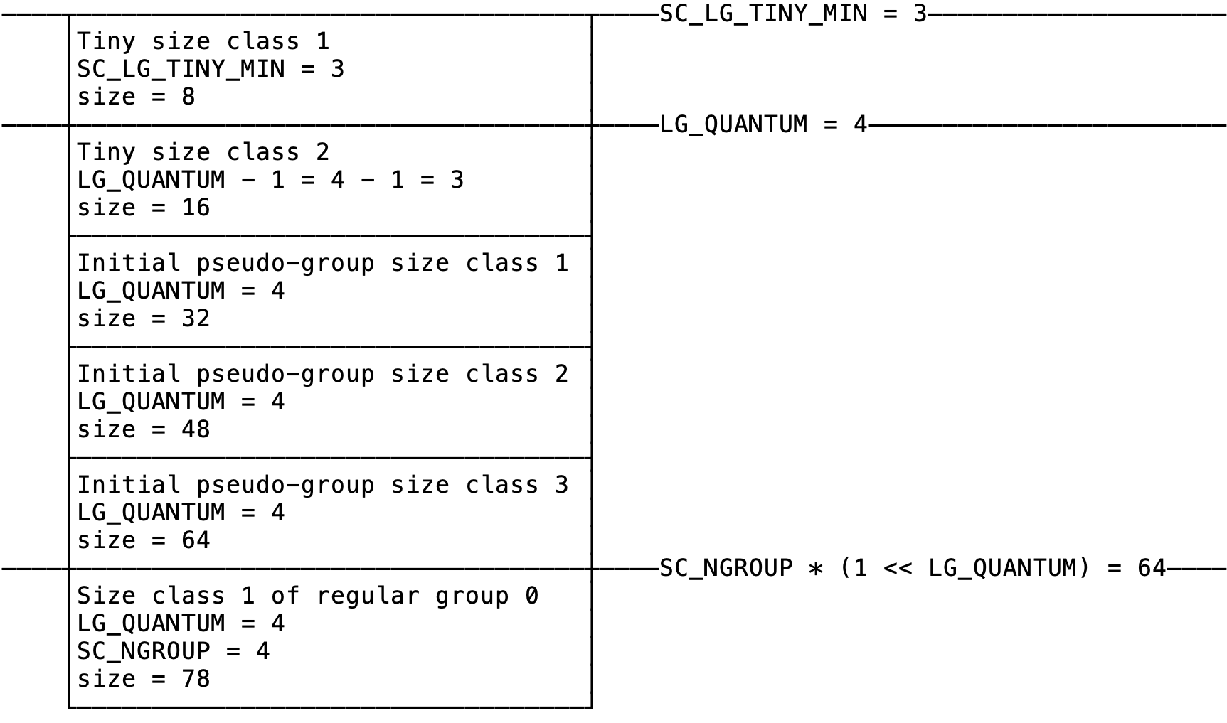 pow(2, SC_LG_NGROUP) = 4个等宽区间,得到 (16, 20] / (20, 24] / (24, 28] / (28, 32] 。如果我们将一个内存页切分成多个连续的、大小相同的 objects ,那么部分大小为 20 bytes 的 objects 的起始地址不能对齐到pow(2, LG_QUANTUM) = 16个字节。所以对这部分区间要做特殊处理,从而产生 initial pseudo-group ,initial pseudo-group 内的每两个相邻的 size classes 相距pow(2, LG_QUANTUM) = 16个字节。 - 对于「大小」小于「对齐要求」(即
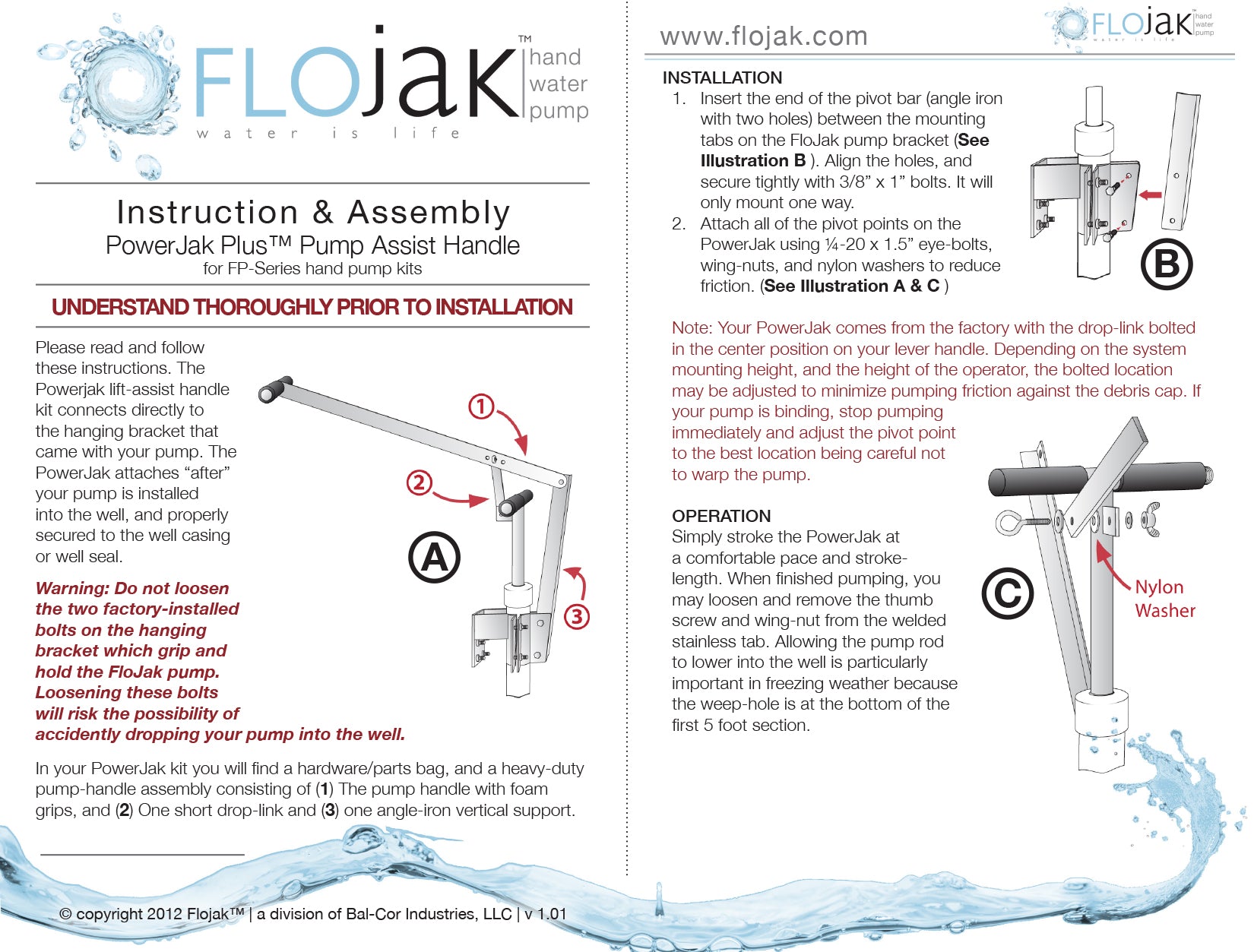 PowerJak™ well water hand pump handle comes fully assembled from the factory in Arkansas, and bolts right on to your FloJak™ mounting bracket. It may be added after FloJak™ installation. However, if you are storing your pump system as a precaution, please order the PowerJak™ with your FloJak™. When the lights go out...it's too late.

· · · ·

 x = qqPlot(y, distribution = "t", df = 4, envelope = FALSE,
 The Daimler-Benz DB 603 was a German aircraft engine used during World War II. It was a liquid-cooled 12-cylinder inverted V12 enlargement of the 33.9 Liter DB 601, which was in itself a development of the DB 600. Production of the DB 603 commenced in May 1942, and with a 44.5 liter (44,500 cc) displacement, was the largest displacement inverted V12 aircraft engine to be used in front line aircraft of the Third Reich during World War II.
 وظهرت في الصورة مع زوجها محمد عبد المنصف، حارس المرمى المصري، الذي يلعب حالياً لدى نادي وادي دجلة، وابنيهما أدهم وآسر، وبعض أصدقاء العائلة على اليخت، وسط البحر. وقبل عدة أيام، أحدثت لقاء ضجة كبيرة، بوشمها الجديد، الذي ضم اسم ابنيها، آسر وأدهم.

· · · ·

◆ **Required action**:
Transcribe exactly the lines above, beginning at the one with "pow(2, SC_LG_NGROUP) = 4个等宽区间,得到" and going up to and including the one with "PowerJak™ well water". Pictures do not belong in the copy.

◆ **Output of the task**:
 pow(2, SC_LG_NGROUP) = 4个等宽区间,得到 (16, 20] / (20, 24] / (24, 28] / (28, 32] 。如果我们将一个内存页切分成多个连续的、大小相同的 objects ,那么部分大小为 20 bytes 的 objects 的起始地址不能对齐到pow(2, LG_QUANTUM) = 16个字节。所以对这部分区间要做特殊处理,从而产生 initial pseudo-group ,initial pseudo-group 内的每两个相邻的 size classes 相距pow(2, LG_QUANTUM) = 16个字节。 - 对于「大小」小于「对齐要求」(即
 PowerJak™ well water hand pump handle comes fully assembled from the factory in Arkansas, and bolts right on to your FloJak™ mounting bracket. It may be added after FloJak™ installation. However, if you are storing your pump system as a precaution, please order the PowerJak™ with your FloJak™. When the lights go out...it's too late.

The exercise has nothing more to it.